§ WORK INSTRUCTION
When you transcribe the data below, reproduce every line exactly and leave each picture out.

§ INPUT DATA

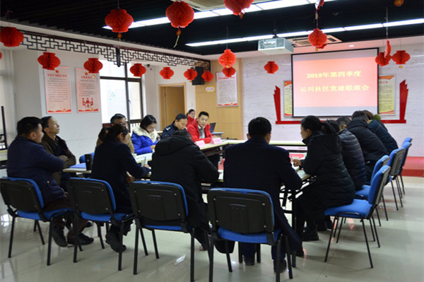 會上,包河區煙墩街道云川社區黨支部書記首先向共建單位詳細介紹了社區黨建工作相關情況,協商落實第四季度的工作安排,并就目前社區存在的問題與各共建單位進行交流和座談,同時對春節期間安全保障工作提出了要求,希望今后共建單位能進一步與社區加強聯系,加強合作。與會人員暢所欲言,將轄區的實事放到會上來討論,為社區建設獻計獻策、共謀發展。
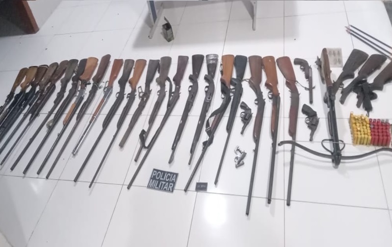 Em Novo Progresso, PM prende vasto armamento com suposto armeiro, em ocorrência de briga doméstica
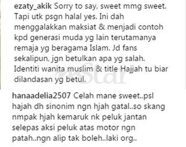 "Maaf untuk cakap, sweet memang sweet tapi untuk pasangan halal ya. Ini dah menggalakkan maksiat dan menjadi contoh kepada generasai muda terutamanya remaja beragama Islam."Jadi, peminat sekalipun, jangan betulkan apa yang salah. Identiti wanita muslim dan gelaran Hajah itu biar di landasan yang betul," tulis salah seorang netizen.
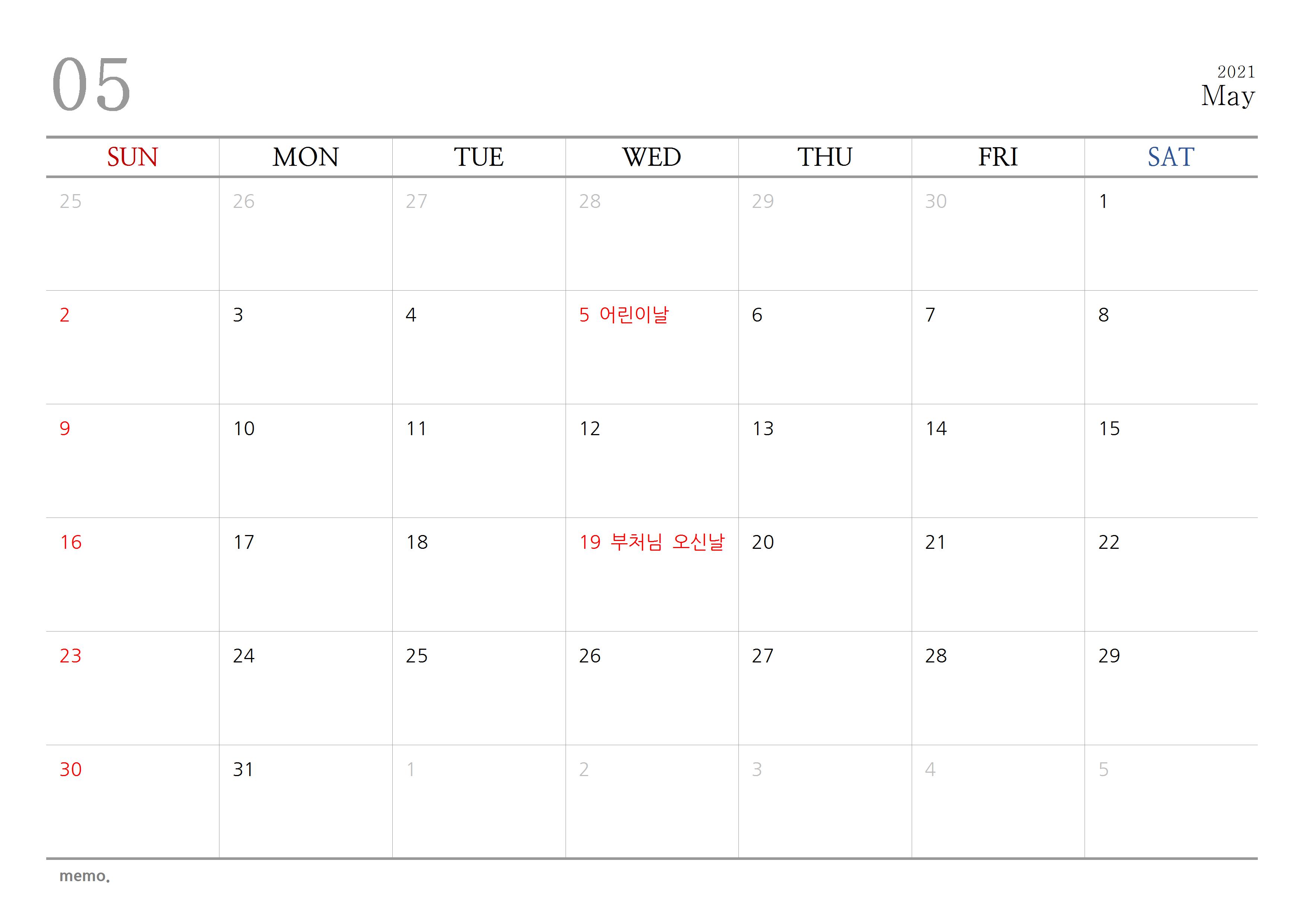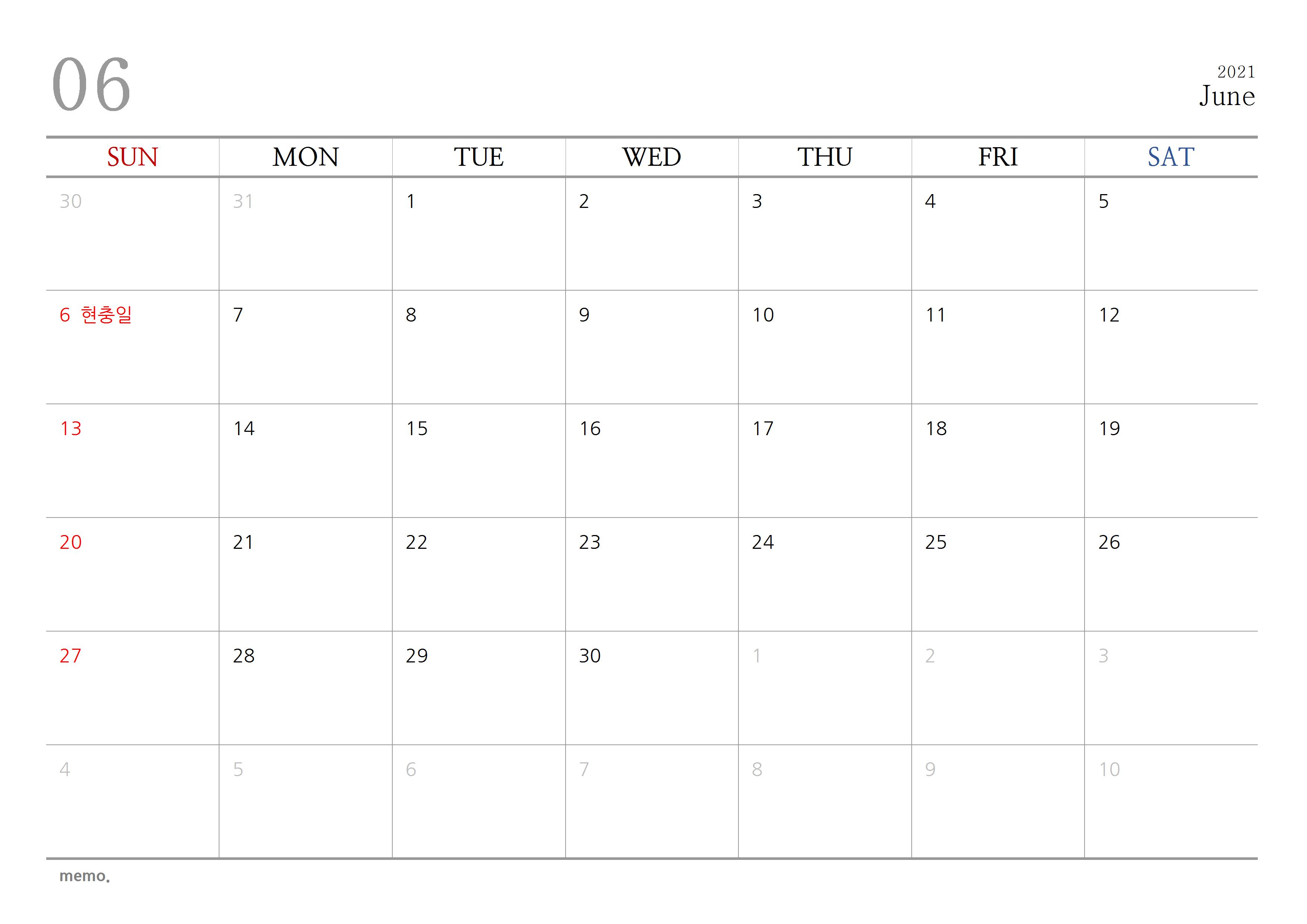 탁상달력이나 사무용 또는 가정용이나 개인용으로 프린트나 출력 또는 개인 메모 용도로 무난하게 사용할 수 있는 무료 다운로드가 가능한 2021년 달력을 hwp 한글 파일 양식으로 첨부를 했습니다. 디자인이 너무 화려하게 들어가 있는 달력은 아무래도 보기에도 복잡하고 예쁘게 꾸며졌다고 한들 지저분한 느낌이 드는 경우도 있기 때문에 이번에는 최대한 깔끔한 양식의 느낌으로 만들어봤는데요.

§ PROBLEM SOLUTION
 會上,包河區煙墩街道云川社區黨支部書記首先向共建單位詳細介紹了社區黨建工作相關情況,協商落實第四季度的工作安排,并就目前社區存在的問題與各共建單位進行交流和座談,同時對春節期間安全保障工作提出了要求,希望今后共建單位能進一步與社區加強聯系,加強合作。與會人員暢所欲言,將轄區的實事放到會上來討論,為社區建設獻計獻策、共謀發展。
 Em Novo Progresso, PM prende vasto armamento com suposto armeiro, em ocorrência de briga doméstica
 "Maaf untuk cakap, sweet memang sweet tapi untuk pasangan halal ya. Ini dah menggalakkan maksiat dan menjadi contoh kepada generasai muda terutamanya remaja beragama Islam."Jadi, peminat sekalipun, jangan betulkan apa yang salah. Identiti wanita muslim dan gelaran Hajah itu biar di landasan yang betul," tulis salah seorang netizen.
 탁상달력이나 사무용 또는 가정용이나 개인용으로 프린트나 출력 또는 개인 메모 용도로 무난하게 사용할 수 있는 무료 다운로드가 가능한 2021년 달력을 hwp 한글 파일 양식으로 첨부를 했습니다. 디자인이 너무 화려하게 들어가 있는 달력은 아무래도 보기에도 복잡하고 예쁘게 꾸며졌다고 한들 지저분한 느낌이 드는 경우도 있기 때문에 이번에는 최대한 깔끔한 양식의 느낌으로 만들어봤는데요.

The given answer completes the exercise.